Cet été, ils ont réservé une semaine en camping dans les Gorges du Verdon, « en pleine saison justement », pour se confronter aux autres. « L’année dernière, on n’a pas parlé à grand monde. Une dame nous a salués, c’est à peu près tout. Tandis que là, on va aller acheter le pain nus, faire une partie de pétanque… Il va falloir forcément se parler, ça va être un pas, s’interroge le couple. Est-ce qu’on va oser ? Est-ce qu’on va être à l’aise ? »

Et là encore, ils ont quelques questions pratiques. Faut-il être nus partout, par exemple ? « La piscine du camping est le seul lieu où il y a une obligation d’être nus, pour des raisons d’hygiène », répond Viviane Tiar, de la FFN. Sachant aussi qu’il y a une tolérance pour les enfants et les adolescents sur les sites. « Évidemment, on ne les force pas à être nus. »
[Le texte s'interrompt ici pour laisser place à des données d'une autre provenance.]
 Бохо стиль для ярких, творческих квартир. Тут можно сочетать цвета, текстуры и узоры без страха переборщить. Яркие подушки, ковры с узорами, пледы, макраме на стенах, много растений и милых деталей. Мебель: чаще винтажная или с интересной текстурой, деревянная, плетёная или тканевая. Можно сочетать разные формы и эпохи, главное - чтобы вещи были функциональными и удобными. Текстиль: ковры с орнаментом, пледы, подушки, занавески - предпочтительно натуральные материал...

Pour les adultes naturistes, se balader habillés sur un site naturiste peut être moins bien vu. Au point que cette « textilisation » inquiète de plus en plus la communauté, qui craint une perte des valeurs fondamentales. Ce sont « les naturistes qui ne prennent plus la peine de se dévêtir pour des raisons plus ou moins valables, note sur son site la Fédération des espaces naturistes (Fen). Soit par manque d’information des nouveaux arrivants, soit par le laisser-aller des anciens. »

Restent les usages, qui comme leur nom l’indique, s’apprennent plutôt sur place. « On n’a pas besoin de le dire entre nous, mais on aura toujours sur soi ce qu’on appelle un sous-cul, illustre Viviane Tiar. Généralement un paréo, pour des raisons d’hygiène et de respect de l’autre. » Aujourd’hui, les règles s’appliquent aussi au monde numérique, où les gens se lâchent souvent davantage que hors-ligne.
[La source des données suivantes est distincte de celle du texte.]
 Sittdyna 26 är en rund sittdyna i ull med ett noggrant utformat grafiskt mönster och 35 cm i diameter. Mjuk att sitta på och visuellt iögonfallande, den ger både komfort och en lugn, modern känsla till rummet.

Ce qui pousse les sites naturistes et certains internautes, comme la journaliste Melanie Mendelewitsch sur son compte Instagram, à rappeler ce que dit déjà la loi. « Je vais à Ibiza depuis que je suis née. Le naturisme fait partie de l’ADN de l’île. Je ne suis pas naturiste, mais je respecte cet art de vivre et ça me paraît évident que les naturistes n’ont pas du tout envie de se retrouver exposés sur Instagram à leur insu par des touristes. Ça montre la totale méconnaissance du lieu où les gens partent en vacances. »

Capture d’écran instagram | @MELNYMENDEL

D’où les précautions de Julien et Marylin, qui ont voulu bien faire en demandant sur un groupe Facebook si le naturisme était autorisé avant de partir en Crète cet été. « On a eu tous les sons de cloche, donc on verra sur place », avise le couple, pressé d’être en congés. « C’est le seul moment où l’on peut être nus dehors, donc on a hâte. » La prochaine étape ensuite pour eux ? « Convaincre nos amis ! »

Source : https://www.ouest-france.fr/societe/on-a-observe-comment-les-gens-faisaient-il-ny-a-rien-de-complique-naturisme-mode-demploi-0e26f45e-140b-11ee-ae57-25b1d1d54a03

1 réflexion sur “Un bel article de Ouest France : naturisme, mode d’emploi”

  1. Très bon article. Si seulement il pouvait être lu nationalement dans plusieurs édito.
    Souhaitons en cette fin d’année que nos contemporains, nos forces de l’ordre, nos hommes de loi et nos politiciens soient plus réceptifs à notre besoin de vivre libres; liberté, égalité, fraternité. N’est-ce pas ce que prône le naturisme?